WASHINGTON — Forty years after the Rev. Martin Luther King Jr.’s death, Washington still remembers the history King made there.
Engraved on the steps below Abraham Lincoln’s statue are King’s four most famous words: “I have a dream,” spoken fifty years before on those very steps.
In 1963, he was one of the six main organizers of the March on Washington, a rally for civil rights for African-Americans.
More than 200,000 people participated in the march held on the National Mall.
It was during that rally that King delivered his legendary “I Have a Dream” speech.

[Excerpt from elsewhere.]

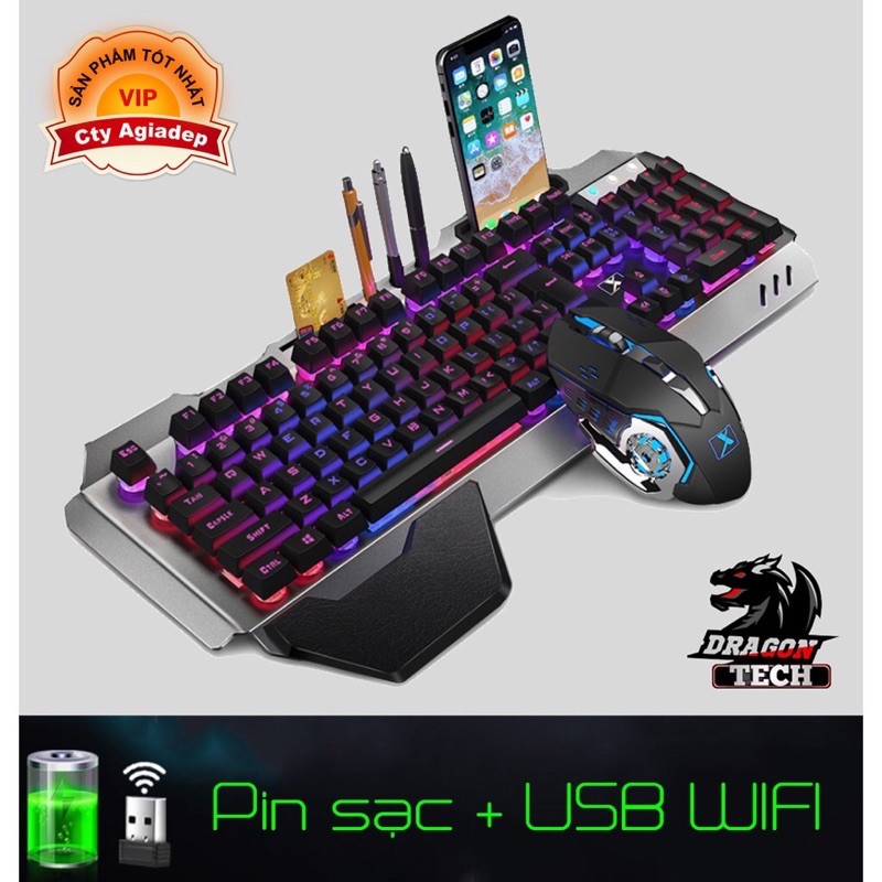 Bộ Bàn Phím Chuột có ánh sáng wireless - Sạc pin được siêu xịn game thủ của TechDragon

During a pause in his speech, Mahalia Jackson, a gospel singer sitting behind King, called to him to tell them about his dream, which sparked the impromptu speech.
Further down the mall, along the basin of the Potomac, lies a memorial commemorating King’s mark on Washington and the impact he has had on American history.
“The theme of the memorial is ‘Out of the mountain of despair, a stone of hope,'” said John McCaskill, a park ranger.
The theme is taken from the words of his “I Have a Dream Speech.”
The Martin Luther King Jr. Memorial was opened in 2011 to commemorate King and his vision of freedom, democracy and opportunity for all.
“It’s humbling to me, just realizing the power of the spoken word can inspire people to be better and do better,” McCaskill said.
As well as a statue of King, the memorial features a wall of quotes from some of his speeches, including one given at the National Cathedral four days before his death, in which he quoted the song, “We Shall Overcome.”
The National Park Service is currently featuring a tour called “Dr. King Comes to Washington” about King’s time in the city.